2010: A Radio Odyssey

Did you see the film "2010", the sequel to 2001: A Space Odyssey? A joint American- Soviet expedition is sent to Jupiter to discover what went wrong with the U.S.S. Discovery against a backdrop of growing global tensions. Among the mysteries the expedition must explain are the appearance of a huge black monolith in Jupiter's orbit and the fate of H.A.L., the Discovery's sentient computer.

It was released in 1984. Good times.

That was before the Internet, before rap replaced pop, before iPods replaced discmans, file sharing changed music purchase habits, satellite radio, digital music, Internet radio, and terrorism was something that happened overseas.

Hard to believe we're closer to 2010 now than we are to 2001.

And 2010 will be a tipping point for radio in many ways.

From developing behaviors of radio listeners, changes in the ways they use radio are occurring more rapidly than perhaps is commonly known. Much like time-lapse photography where you don't recognize change unless you piece together views of behavior over long periods of time, the change in media has truly been a rapid development over a short period of time and radio's 'light at the end of the tunnel' is more likely to be an on-coming train than an end to difficult times.

And like the movie "2010", if radio had had the ability to send a probe into the future back in 1984 to learn what went wrong, hindsight would most surely have kick-started an industry wide reaction that would have perhaps led to a different outcome.

For here we are a mere 29 months from 2010 and radio is running out of time.

Running out of time to remain competitive.

Running out of time to develop its people.

Running out of time to adapt to the digital universe.

Running out of time to learn how to microtarget.

Looking back over the last 6 years of work with clients of Bridge Ratings, it is becoming agonizingly clear that while the radio business has made solid efforts to grow its industry and to adapt it to the changing technological realities, it truly has not done enough. And this is what concerns me: current senior management at radio's best companies is not embracing the fact quickly enough that the future of our business rests solely on their shoulders - on their watch.

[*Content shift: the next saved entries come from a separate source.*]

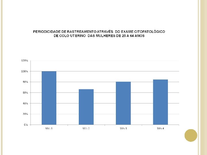 Indicador: número de mulheres residentes na área entre 25 e 64 anos que realizaram o CP com amostra satisfatória / número total de mulheres cadastradas no programa que realizaram o CP. PROPORÇÃO DE MULHERES COM RESULTADOS DE CP COM AMOSTRAS SATISFATÓRIAS 99. 0% 98. 5% 98. 0% 97. 5% 97. 0% 96. 5% 96. 0% 95. 5% 95. 0% 94. 5% Mês 1 Mês 2 Mês 3 Mês 4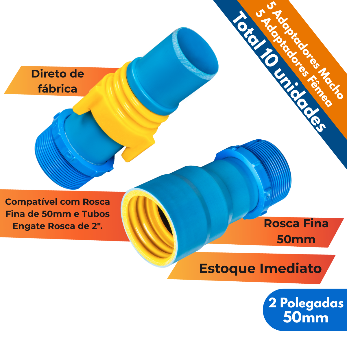 💧 5 unidades do Adaptador Fêmea 2″ 50mm irrigação agrícola, engate rosca.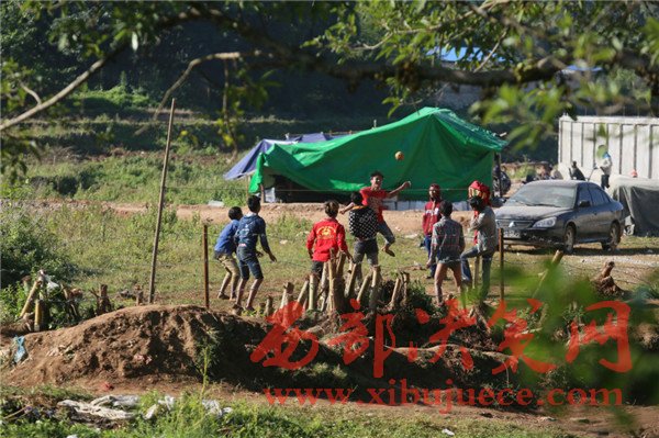 據(jù)邊民張賽亞稱(chēng),20日當(dāng)天早晨7點(diǎn)多,村子里聽(tīng)到槍炮聲,村民們生怕被流彈所傷開(kāi)始逃跑躲避,他家住在畹町河岸,他看到除了橋上騎著摩托車(chē)往中國(guó)的村民,河里還有蹚水的村民成群結(jié)隊(duì),他們也就跟著跑到了中國(guó),家里的牛羊那些現(xiàn)在無(wú)人照看,村里只留有少部分人,他們出來(lái)的不敢回去。在安置點(diǎn)能吃飽睡好,等過(guò)一陣子再回去看看。圖為一群緬甸小孩在岸邊踢足球。

Today's senior radio managers will be long gone leaving their trainees the keys to the kingdom. It is the opinion of many that the next generation of radio leaders, in general, do not have the technical and operational knowledge or experience to lead this business into the future.

Left in the hands of less experienced, inappropriately trained and myopic junior management, the industry will struggle to maintain status quo.

There is little going on in the area of strategic development in our business: programming development, creative sales development, new revenue stream development, marketing development and personnel/management development.

Frankly, I'm flummoxed (great word) about why this industry doesn't respond to the implications of its future.

Certainly, there has been plenty of coverage of multiple future forecasts about impending change and how fast it is occurring and the impact of audience attrition. So, it isn't non-awareness - and it isn't stupidity.

It is inertia more than actual resources that is the problem. And inertia in many ways is a much more difficult quagmire to be free of.

Yes, 2010 is coming fast and radio seems less prepared to exist in a technologically accelerating world.

It does, however, have a resource most of its competitors covet: its people. And its people are what just might save the radio industry from being swept over by the tide of change.

Let us hope that the powers that be know this too.